The data:
******

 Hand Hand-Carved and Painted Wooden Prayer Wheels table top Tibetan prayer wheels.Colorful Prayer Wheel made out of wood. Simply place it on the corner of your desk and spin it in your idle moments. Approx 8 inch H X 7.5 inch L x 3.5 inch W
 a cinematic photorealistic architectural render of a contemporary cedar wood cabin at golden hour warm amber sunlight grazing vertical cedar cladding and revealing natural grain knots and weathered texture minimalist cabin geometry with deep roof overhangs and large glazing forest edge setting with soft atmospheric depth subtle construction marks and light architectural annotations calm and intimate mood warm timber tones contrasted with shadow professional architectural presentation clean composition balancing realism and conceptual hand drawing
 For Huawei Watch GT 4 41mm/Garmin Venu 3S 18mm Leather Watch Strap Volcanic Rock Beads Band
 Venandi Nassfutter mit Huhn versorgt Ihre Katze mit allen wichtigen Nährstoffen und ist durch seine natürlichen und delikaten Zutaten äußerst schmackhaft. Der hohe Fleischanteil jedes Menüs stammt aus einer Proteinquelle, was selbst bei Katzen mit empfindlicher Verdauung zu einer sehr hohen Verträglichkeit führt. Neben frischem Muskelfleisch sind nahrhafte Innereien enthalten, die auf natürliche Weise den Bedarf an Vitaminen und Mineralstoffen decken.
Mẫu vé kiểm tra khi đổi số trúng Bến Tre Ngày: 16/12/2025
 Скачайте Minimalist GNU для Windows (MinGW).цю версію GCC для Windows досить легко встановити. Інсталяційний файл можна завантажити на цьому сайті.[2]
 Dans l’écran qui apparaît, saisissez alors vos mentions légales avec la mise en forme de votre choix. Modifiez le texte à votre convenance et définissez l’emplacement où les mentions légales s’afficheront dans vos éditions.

******

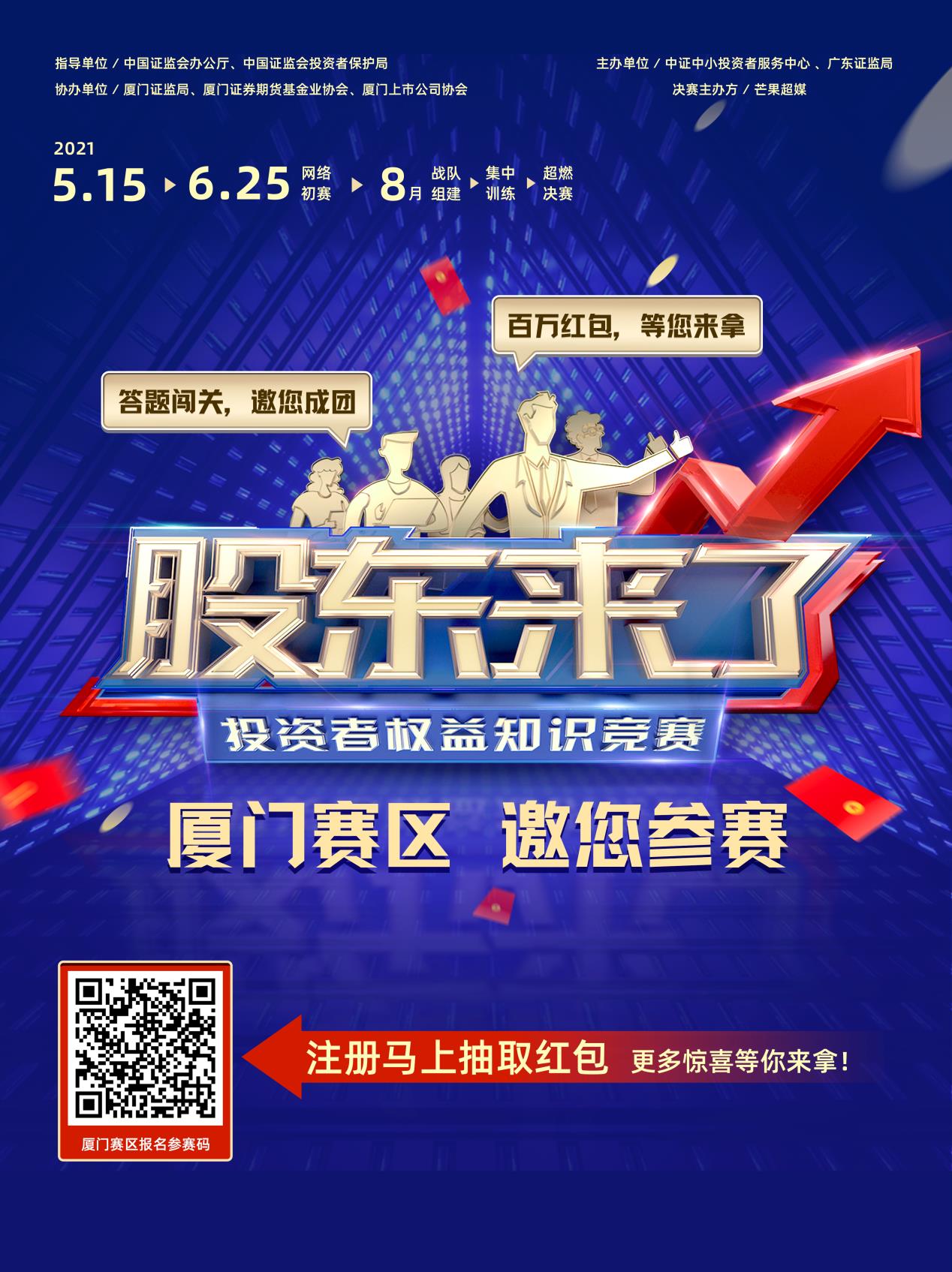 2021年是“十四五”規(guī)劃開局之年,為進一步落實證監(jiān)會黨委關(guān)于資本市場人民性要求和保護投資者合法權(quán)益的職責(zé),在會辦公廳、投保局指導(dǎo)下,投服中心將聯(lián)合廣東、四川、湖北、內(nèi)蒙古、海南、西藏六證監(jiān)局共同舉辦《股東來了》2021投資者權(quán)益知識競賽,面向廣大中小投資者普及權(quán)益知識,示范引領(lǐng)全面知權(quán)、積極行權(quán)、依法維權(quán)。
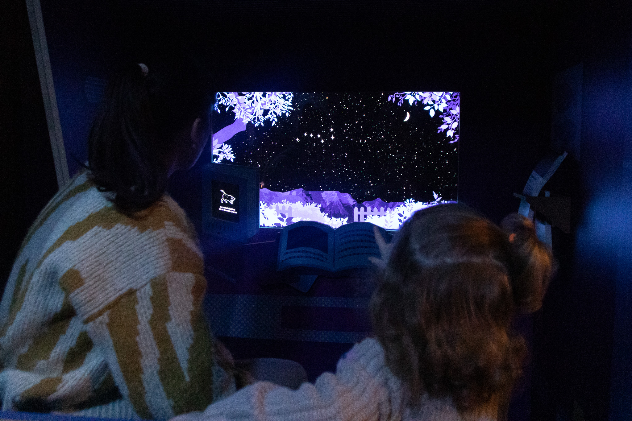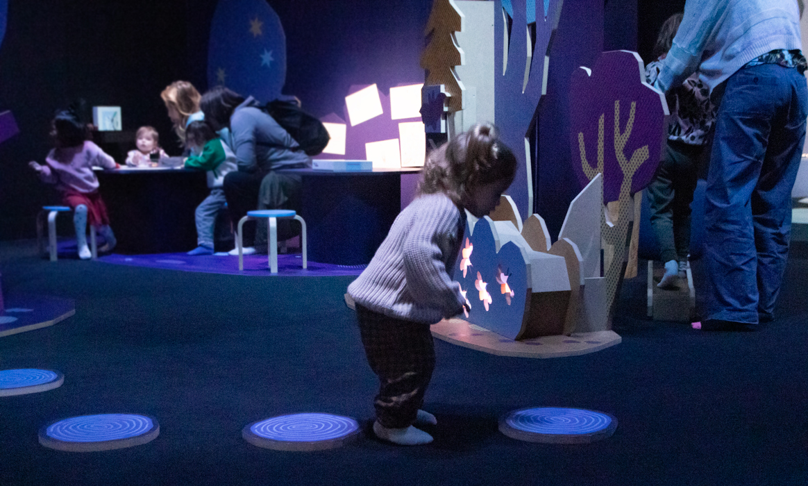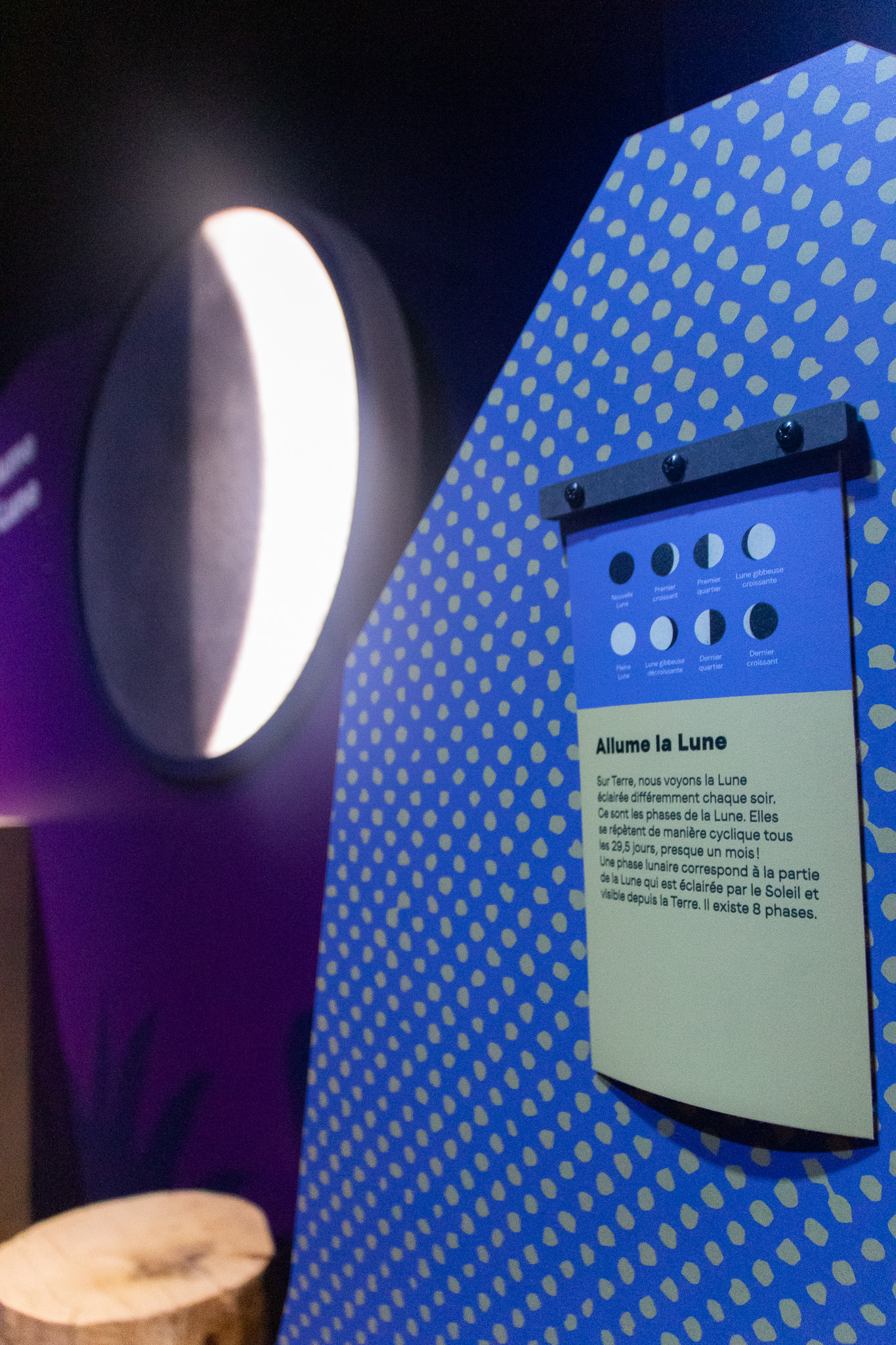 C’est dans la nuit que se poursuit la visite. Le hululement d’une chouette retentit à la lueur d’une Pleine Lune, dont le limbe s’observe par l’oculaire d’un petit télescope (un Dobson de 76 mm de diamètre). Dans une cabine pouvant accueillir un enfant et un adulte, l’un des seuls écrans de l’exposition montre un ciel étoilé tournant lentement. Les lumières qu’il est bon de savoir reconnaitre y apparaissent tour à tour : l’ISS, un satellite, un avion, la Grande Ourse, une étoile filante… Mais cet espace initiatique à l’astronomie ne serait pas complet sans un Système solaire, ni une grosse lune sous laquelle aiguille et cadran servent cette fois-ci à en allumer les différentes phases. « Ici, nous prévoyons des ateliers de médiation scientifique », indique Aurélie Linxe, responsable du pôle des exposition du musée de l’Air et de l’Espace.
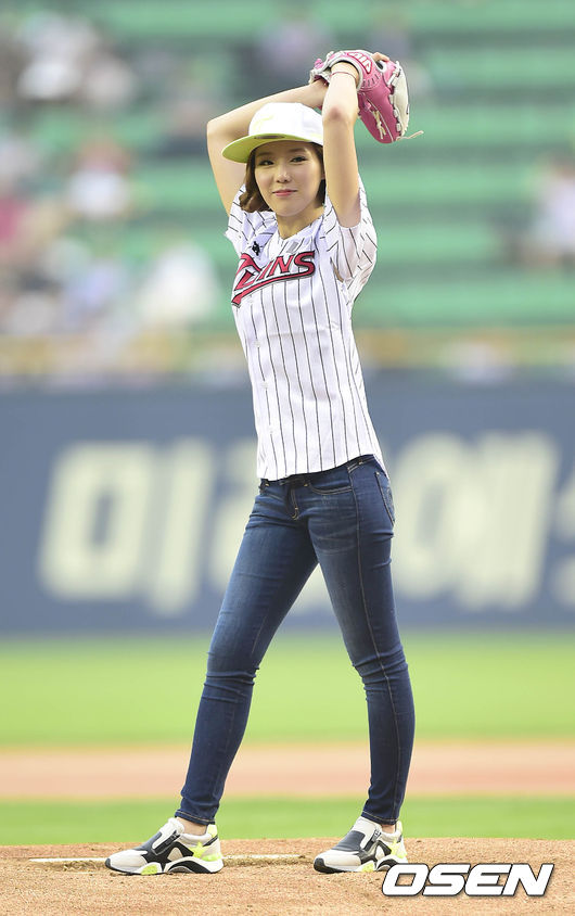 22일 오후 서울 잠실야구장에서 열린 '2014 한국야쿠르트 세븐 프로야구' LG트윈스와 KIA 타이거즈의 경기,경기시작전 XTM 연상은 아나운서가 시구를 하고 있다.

******

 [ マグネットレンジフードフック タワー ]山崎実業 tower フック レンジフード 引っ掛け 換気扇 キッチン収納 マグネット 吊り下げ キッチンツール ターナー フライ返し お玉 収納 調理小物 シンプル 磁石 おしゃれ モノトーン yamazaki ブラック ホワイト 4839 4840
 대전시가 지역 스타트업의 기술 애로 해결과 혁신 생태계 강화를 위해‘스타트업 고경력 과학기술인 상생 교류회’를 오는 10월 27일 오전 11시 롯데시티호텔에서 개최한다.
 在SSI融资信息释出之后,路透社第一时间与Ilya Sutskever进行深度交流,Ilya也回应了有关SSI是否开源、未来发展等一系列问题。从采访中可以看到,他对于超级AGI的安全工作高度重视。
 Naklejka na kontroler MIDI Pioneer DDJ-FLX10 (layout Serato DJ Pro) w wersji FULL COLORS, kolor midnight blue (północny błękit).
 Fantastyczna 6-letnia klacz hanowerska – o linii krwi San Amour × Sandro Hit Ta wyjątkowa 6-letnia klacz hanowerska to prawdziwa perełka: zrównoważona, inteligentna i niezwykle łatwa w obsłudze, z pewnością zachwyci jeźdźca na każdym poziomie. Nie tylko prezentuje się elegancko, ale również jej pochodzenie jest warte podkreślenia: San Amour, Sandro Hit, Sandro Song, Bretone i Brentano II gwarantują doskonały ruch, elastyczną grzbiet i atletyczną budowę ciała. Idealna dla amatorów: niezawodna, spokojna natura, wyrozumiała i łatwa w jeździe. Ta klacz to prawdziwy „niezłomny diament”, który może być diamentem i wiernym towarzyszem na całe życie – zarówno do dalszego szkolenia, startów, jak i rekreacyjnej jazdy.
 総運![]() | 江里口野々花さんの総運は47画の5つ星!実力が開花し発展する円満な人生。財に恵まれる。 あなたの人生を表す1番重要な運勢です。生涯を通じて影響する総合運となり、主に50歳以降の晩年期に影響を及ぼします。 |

******

Activity:
Set down precisely the lines above between the line holding "Mẫu vé kiểm" and the line holding "Dans l’écran qui", inclusive, and nothing beyond them.

Output:
Mẫu vé kiểm tra khi đổi số trúng Bến Tre Ngày: 16/12/2025
 Скачайте Minimalist GNU для Windows (MinGW).цю версію GCC для Windows досить легко встановити. Інсталяційний файл можна завантажити на цьому сайті.[2]
 Dans l’écran qui apparaît, saisissez alors vos mentions légales avec la mise en forme de votre choix. Modifiez le texte à votre convenance et définissez l’emplacement où les mentions légales s’afficheront dans vos éditions.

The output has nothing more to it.